A empresa Potássio do Brasil anunciou a descoberta de duas novas jazidas de potássio na Bacia Sedimentar do Amazonas, na comunidade de Novo Remanso e em Itacoatiara. Em Novo Remanso, o potássio foi encontrado a 766 metros de profundidade em uma camada com 4,87 metros de espessura e teor de 20%. O sulfato de potássio (SOP) é um fertilizante mais nobre e, portanto, com preços de mercado em média 30% superiores aos de cloreto de potássio.
Em Itacoatiara, próximo à rodovia AM-010 e a cerca de 15 quilômetros do Porto da Hermasa, no Rio Amazonas, a empresa encontrou uma camada de 4,27 metros de espessura, com teor de 20,54% a uma profundidade de 860 metros. Segundo informe da empresa, as descobertas confirmam, definitivamente, o potencial geológico da Bacia do Amazonas. A Potássio do Brasil vai continuar pesquisando a região, pois confia na possibilidade de novas descobertas.
Ao mesmo tempo, os estudos de viabilidade técnica e econômica da Jazida de Autazes estão sendo realizados em ritmo acelerado, visando à sua exploração comercial.
Paralelamente, estão em andamento os diagnósticos ambientais e sociais da região onde será implantada a operação no município de Autazes, onde as reservas geológicas já são superiores a 600 milhões de toneladas. Os resultados destes estudos irão compor o EIA-RIMA, para obtenção das licenças ambientais relativas ao empreendimento. Com uma equipe especializada atuando na região, espera-se concluir o processo até o último trimestre de 2014. Os estudos de viabilidade definitivos deverão ser concluídos no primeiro trimestre de 2015, quando se chegará à exata dimensão do projeto em termos de: investimento de implantação, custo operacional e escala de produção.
A empresa está trabalhando com uma meta de produção anual mínima de 2 milhões de toneladas de Cloreto de Potássio (KCl) e início de produção no primeiro trimestre de 2018. A demanda de potássio prevista para essa época é da ordem de 6 a 8 milhões de toneladas por ano e, desta forma, toda a produção deverá ser destinada ao mercado interno.
Hélio Diniz, diretor-presidente da Potássio do Brasil, afirma que a qualidade das descobertas superou todas as expectativas da companhia. “Conforme havíamos ressaltado no início deste ano, várias jazidas poderiam ser encontradas nesta região, contudo, os furos pioneiros em Novo Remanso e Itacoatiara apresentaram espessuras da camada de potássio superiores a 4 metros, além de mostrar a presença de sulfatos em proporção significativa.
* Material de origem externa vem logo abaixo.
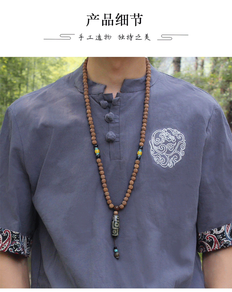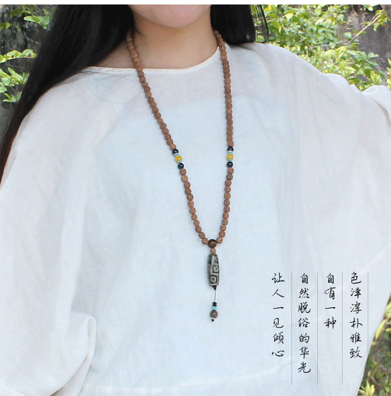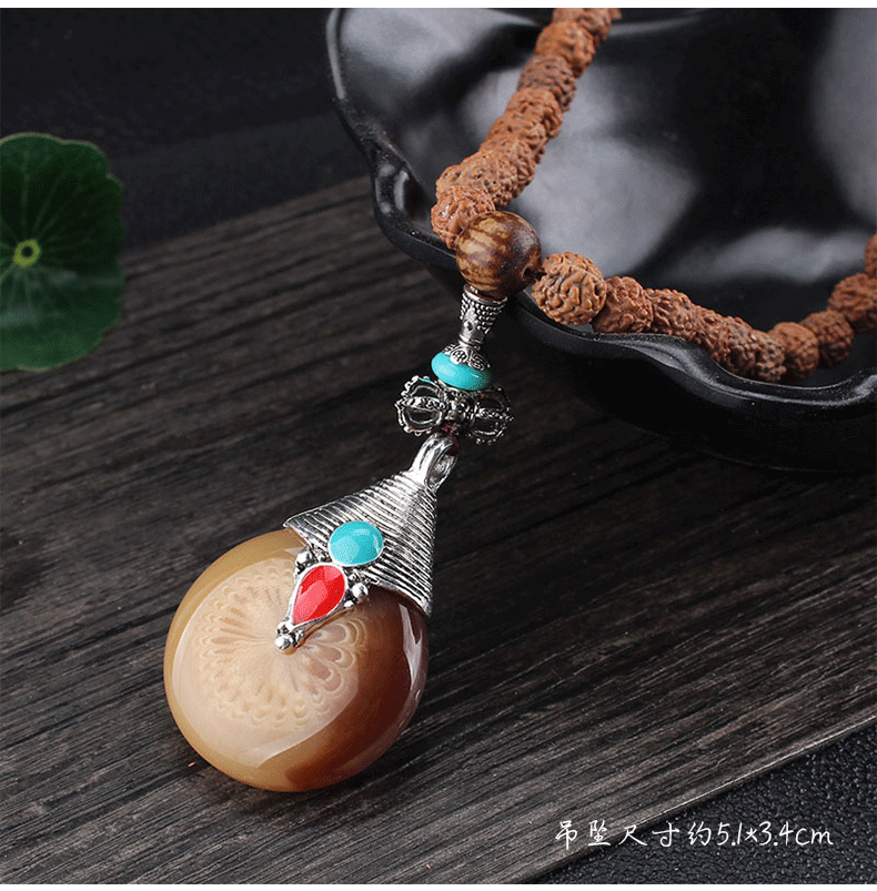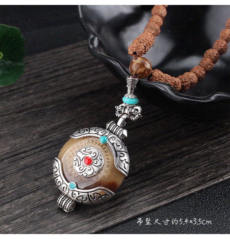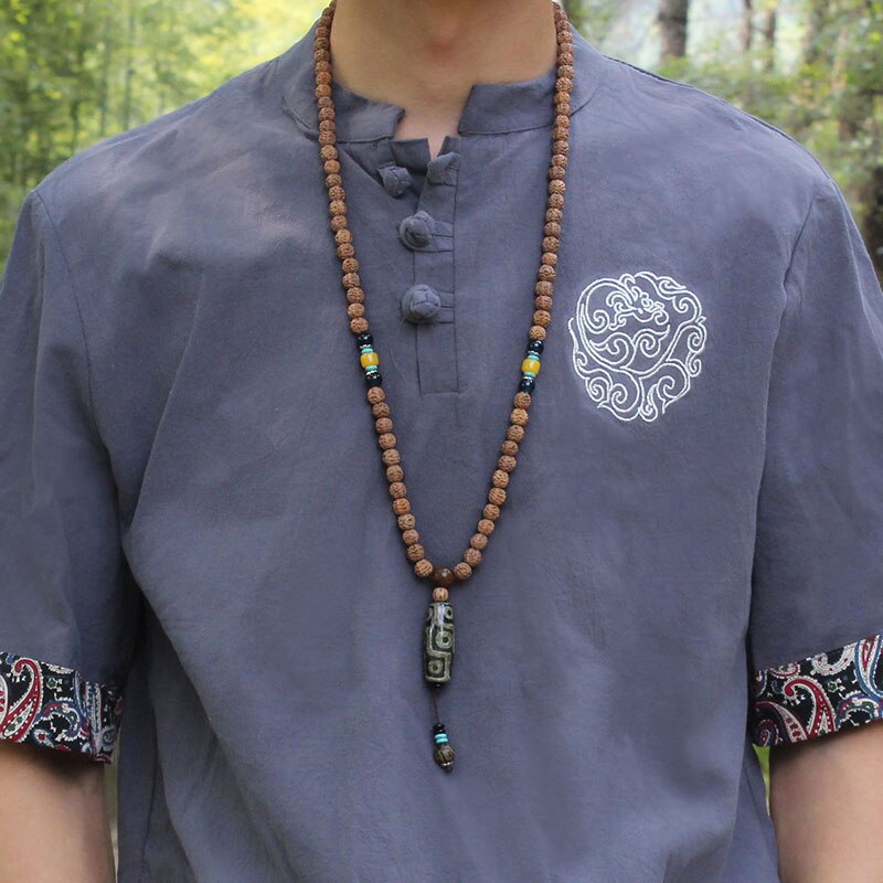 8mm Rudraksha Bead Necklace Handmade Nepal Tibetan Buddhism Yoga Healing Mala Necklace Elephant Dzi Eye Pendant Necklace Jewelry

Nestes locais também as profundidades são favoráveis (750 a 900 metros) ao desenvolvimento de lavra subterrânea convencional, como ocorre nas maiores jazidas do Canadá e Rússia. Ainda temos muito trabalho para definir o tamanho destas jazidas. Não descartamos a possibilidade de pelo menos as Jazidas de Autazes e Novo Remanso serem parte de uma única jazida gigante, uma vez que a distância entre os furos mineralizados é de apenas 16 quilômetros. Os novos furos em execução e programados nestas áreas serão fundamentais para a definição da escala de produção do projeto.”
Localização Estratégica
Uma característica excepcional do projeto da Potássio do Brasil está justamente associada à localização da Jazida, em uma área com excelente infraestrutura. A uma distância de apenas 120 km de Manaus, a disponibilidade de mão de obra qualificada, energia, agora conectada ao sistema nacional integrado, representa grande vantagem no que se refere ao investimento de implantação.
Para o setor agrícola brasileiro, a vantagem é a utilização da malha de transporte para exportação de grãos e produtos da região do cerrado. Certamente o desenvolvimento e melhorias nas rotas de exportação na região Norte irão representar custos significativamente mais baixos para aquisição e transporte do potássio para os centros consumidores da região, que devem utilizar pelo menos 50% do que está sendo previsto para o consumo nacional. Atualmente, o mercado brasileiro importa mais de 90% do potássio utilizado na produção agrícola.
José Fanton, geólogo com mais de 35 anos de experiência de atuação em empresas de médio e grande porte, responsável técnico e Diretor de Exploração da Empresa comenta: “São descobertas realmente excepcionais e que raramente acontecem na carreira de qualquer profissional. A Jazida de Autazes, além de ser bem mais rasa e maior do que as de Fazendinha e Arari, é mais rica. A nossa equipe técnica está confiante que mais potássio será encontrado na Bacia e que muitas destas jazidas serão viáveis para exploração comercial.”